The End of Patent Drafting: How AI Is Changing IP Workflows in 2026

8 min read Original article ↗

My professional career started when I was 12, I started building websites for folks on the internet. We’d find each other through forums, they’d pay my invoices, never met in person. At 14, I accessed a router via my play-station-portable, accessing an unprotected AS400 system on a network at a medical billing service and pulled medical records. I showed the staff and they offered me a job in their IT to fix their network stack.

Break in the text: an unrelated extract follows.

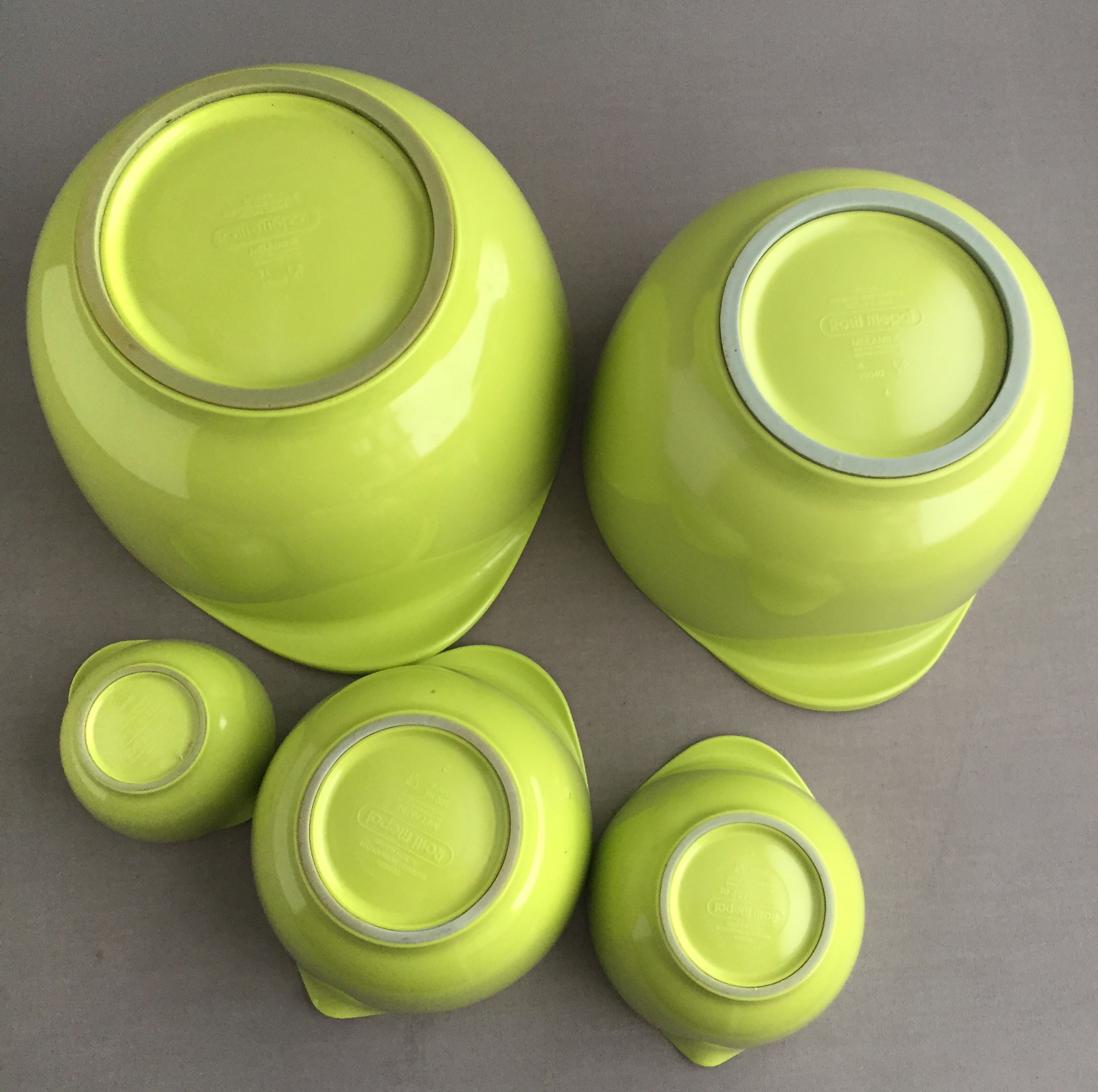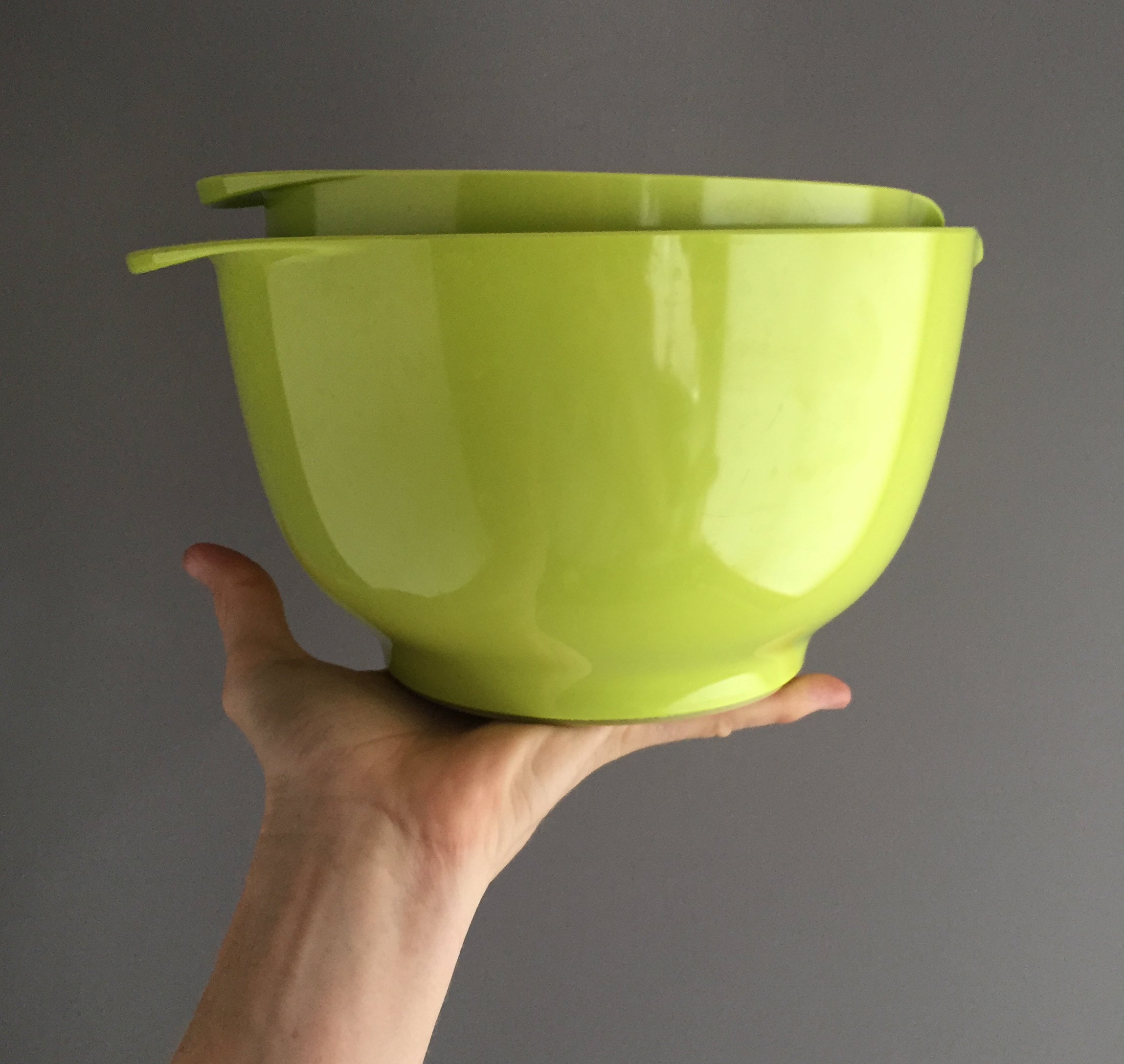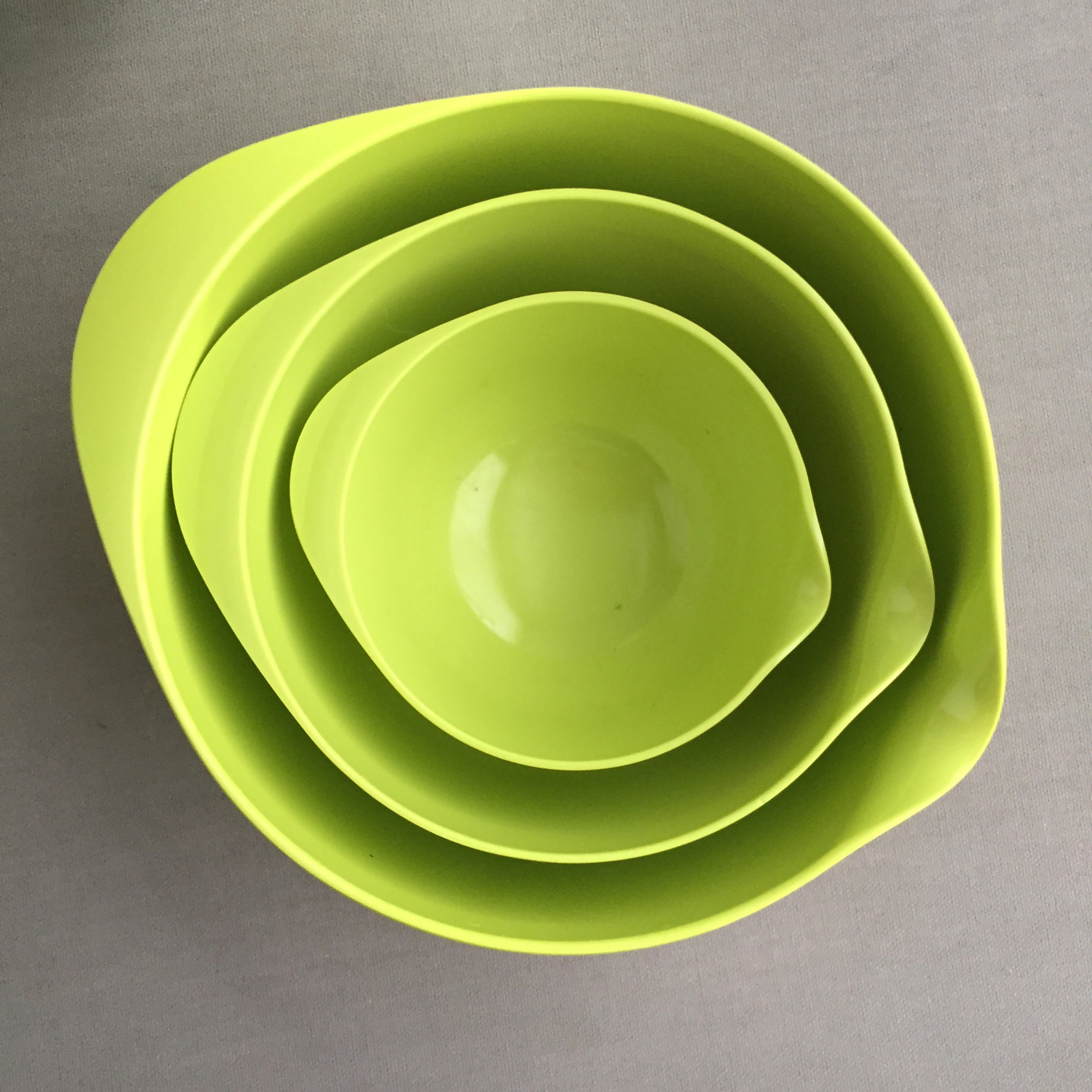 This is the lime green version. The bowls nest into each other for practical storage. This is a set of 6 bowls .

In college and after, I worked across ML, computer vision, and large-scale engineering—at Caterpillar, in research labs, and later in R&D at Capital One. I led teams, built ML platforms, shipped early generative AI products, open-sourced major projects, taught deep learning to thousands of engineers, and published along the way.

I’ve always viewed myself as in a trade, I was a programmer. I learned it, practiced it, mastered it, and helped pass it on. But that trade is now in its twilight. Some parts will remain, but programming as we’ve known it is ending—marking a moment of excitement, optimism, and nostalgia.

Journeyman at Sundown by IP Copilot

In a sense, AI has or will soon make it possible for anyone to become a content creator of any kind – writer, musician, programmer, videographer, designer, marketer, and yes… patent drafter.

AI Engineering at IP Copilot

One thing we’ve been working hard at during 2025 was trying to integrate automation as heavily as possible into our engineering workflows. In the first half of the year, that was mostly using AI on small sections of code and ask basic / small questions and doing security checks.

The real step change came in May 2025 with the release of Codex Cloud by Open AI. We lightly tested it for 6 weeks and in July we pushed it fully into our workflows. Below you can see how quickly it’s helped us accelerate our pull requests (PRs) on one of our repositories, each PR are in effect one features added or bugs fixed.

A line graph depicting GitHub contributions over time, with three data series: total PRs in blue, Codex PRs in red, and line changes in pink, showing an upward trend in contributions starting in mid-2023 and increasing significantly by mid-2025.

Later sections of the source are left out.